A situação é terrível mas horrivelmente cómica, ainda assim, a história é profundamente triste, tornando-se cada vez mais angustiante à medida que avança. O casamento transforma-se num espaço exíguo onde se acumulam memórias e ressentimentos, tornando Émile e Marguerite duas almas perdidas, agarradas aos destroços da mútua dependência.
George Simenon morreu aos 86 anos. Nasceu em Liège, em 1903, e começou a sua carreira como jornalista, publicando o primeiro romance em 1921. No ano seguinte mudou-se para Paris, iniciando uma produção incessante de livros, que só abrandou durante os anos de guerra. Viveu uma década nos Estados Unidos, entre 1945 e 1955. Morreu, em Lausanne, na Suíça.

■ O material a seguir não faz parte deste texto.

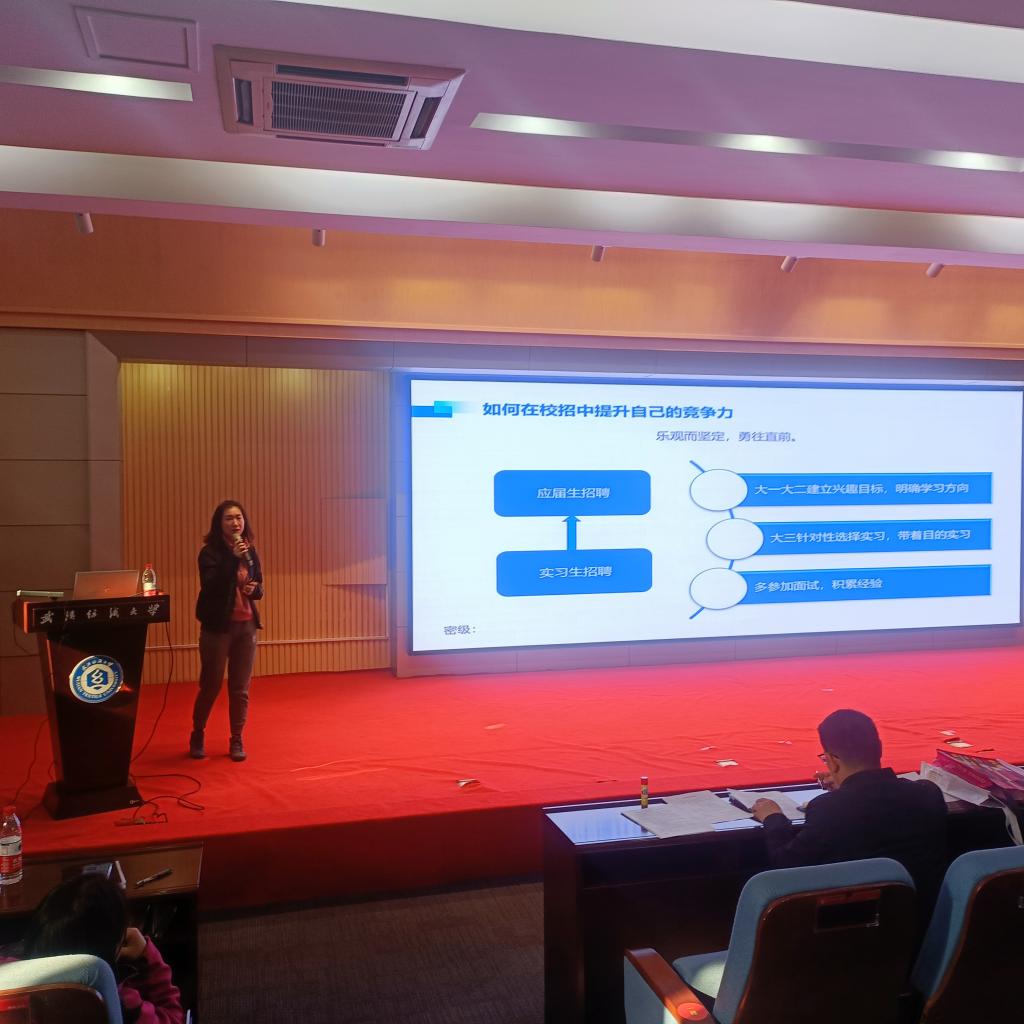 孟媛经理作题为“2023年应届生就业市场分析及规划建议”的报告并进行了招聘宣讲。她从提升竞争力、掌握面试技巧和把握就业机会三方面的内容进行了分享。引导同学们要通过分析内外部环境,认知当下就业形势,清楚自己的优劣势,匹配合适的职位。建议大一大二学生建立好目标兴趣,大三针对性地选择实习,多参加面试积累经验,从而提升自己的竞争实力。从简历制作和面试交流两方面指明了求职中的注意事项,告诫学生要拒绝模板化面试,精心制作简历和准备自我介绍,争取在面试中脱颖而出。最后她鼓励同学们要果断决策、及时沟通,争取早就业再择业。

Com as histórias do comissário parisiense Jules Maigret, Simenon escreveu 75 livros, tornando-o o segundo detetive mais vendido do mundo, com traduções em mais de 50 línguas. No total – embora os números variem – terá escrito entre 400 e 500 obras. Cada livro era concluído entre 7 e 11 dias. Prolífico na escrita e extenso nas relações amorosas, os biógrafos ainda não confirmaram o número exato de mulheres com quem se relacionou amorosamente, mas pode falar-se em milhares. De qualquer forma, terá concluído que: «Uma mulher é capaz de suportar mais do que um homem pensa, e fazer sofrer mais do que ele imagina».